> [What the exercise asks]:
When you reach the line containing "Татар теле һәм", repeat that line and each one after it exactly until the records end, leaving out pictures.

> [Information shown]:
════════════════════
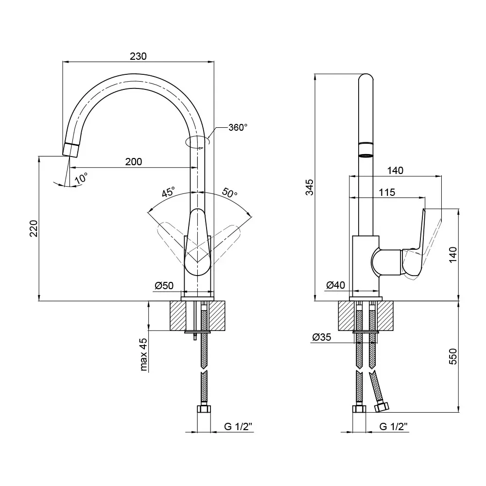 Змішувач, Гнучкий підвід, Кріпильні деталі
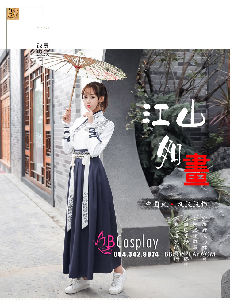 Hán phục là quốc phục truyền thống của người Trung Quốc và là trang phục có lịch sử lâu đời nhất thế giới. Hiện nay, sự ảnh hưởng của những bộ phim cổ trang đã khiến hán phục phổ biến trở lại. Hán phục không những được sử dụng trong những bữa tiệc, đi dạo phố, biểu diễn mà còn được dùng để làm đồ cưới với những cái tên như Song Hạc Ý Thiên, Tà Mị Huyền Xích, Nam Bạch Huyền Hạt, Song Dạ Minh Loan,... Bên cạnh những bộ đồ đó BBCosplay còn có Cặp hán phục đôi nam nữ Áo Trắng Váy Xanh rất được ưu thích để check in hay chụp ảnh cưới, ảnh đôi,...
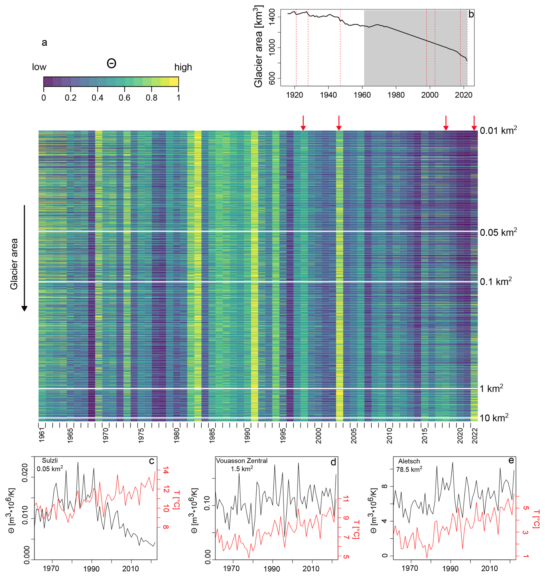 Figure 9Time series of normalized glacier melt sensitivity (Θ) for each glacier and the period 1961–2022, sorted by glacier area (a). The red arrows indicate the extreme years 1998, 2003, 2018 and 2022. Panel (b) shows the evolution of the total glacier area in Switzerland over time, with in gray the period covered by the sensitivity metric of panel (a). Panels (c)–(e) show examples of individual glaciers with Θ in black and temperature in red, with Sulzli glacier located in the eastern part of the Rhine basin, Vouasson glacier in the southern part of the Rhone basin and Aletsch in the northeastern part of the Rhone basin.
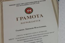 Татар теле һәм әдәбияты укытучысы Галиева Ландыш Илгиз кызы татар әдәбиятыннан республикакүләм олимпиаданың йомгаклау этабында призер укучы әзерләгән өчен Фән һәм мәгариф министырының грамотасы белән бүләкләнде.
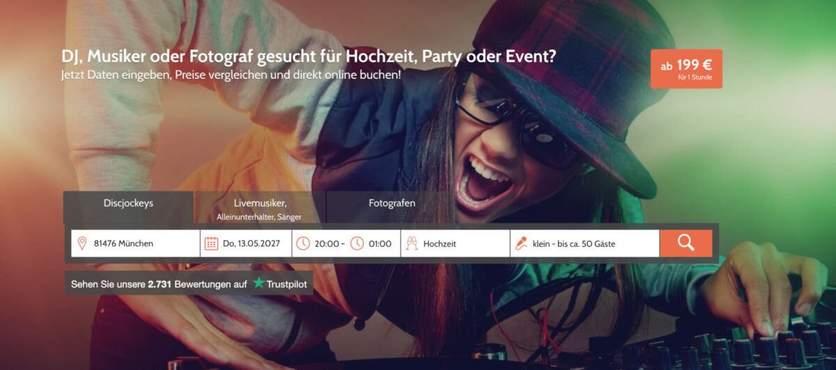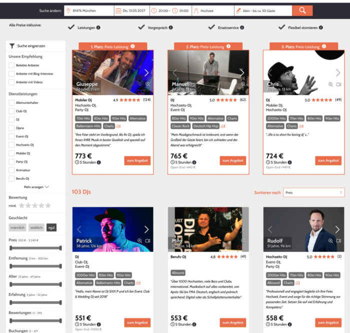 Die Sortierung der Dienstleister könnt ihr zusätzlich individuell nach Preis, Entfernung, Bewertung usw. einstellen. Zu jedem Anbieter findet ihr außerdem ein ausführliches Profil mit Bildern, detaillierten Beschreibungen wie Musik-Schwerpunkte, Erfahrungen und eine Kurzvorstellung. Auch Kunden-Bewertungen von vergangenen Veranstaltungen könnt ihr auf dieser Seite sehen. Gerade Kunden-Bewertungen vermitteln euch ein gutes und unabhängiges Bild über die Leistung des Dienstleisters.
════════════════════
> [Answer box]:
 Татар теле һәм әдәбияты укытучысы Галиева Ландыш Илгиз кызы татар әдәбиятыннан республикакүләм олимпиаданың йомгаклау этабында призер укучы әзерләгән өчен Фән һәм мәгариф министырының грамотасы белән бүләкләнде.
 Die Sortierung der Dienstleister könnt ihr zusätzlich individuell nach Preis, Entfernung, Bewertung usw. einstellen. Zu jedem Anbieter findet ihr außerdem ein ausführliches Profil mit Bildern, detaillierten Beschreibungen wie Musik-Schwerpunkte, Erfahrungen und eine Kurzvorstellung. Auch Kunden-Bewertungen von vergangenen Veranstaltungen könnt ihr auf dieser Seite sehen. Gerade Kunden-Bewertungen vermitteln euch ein gutes und unabhängiges Bild über die Leistung des Dienstleisters.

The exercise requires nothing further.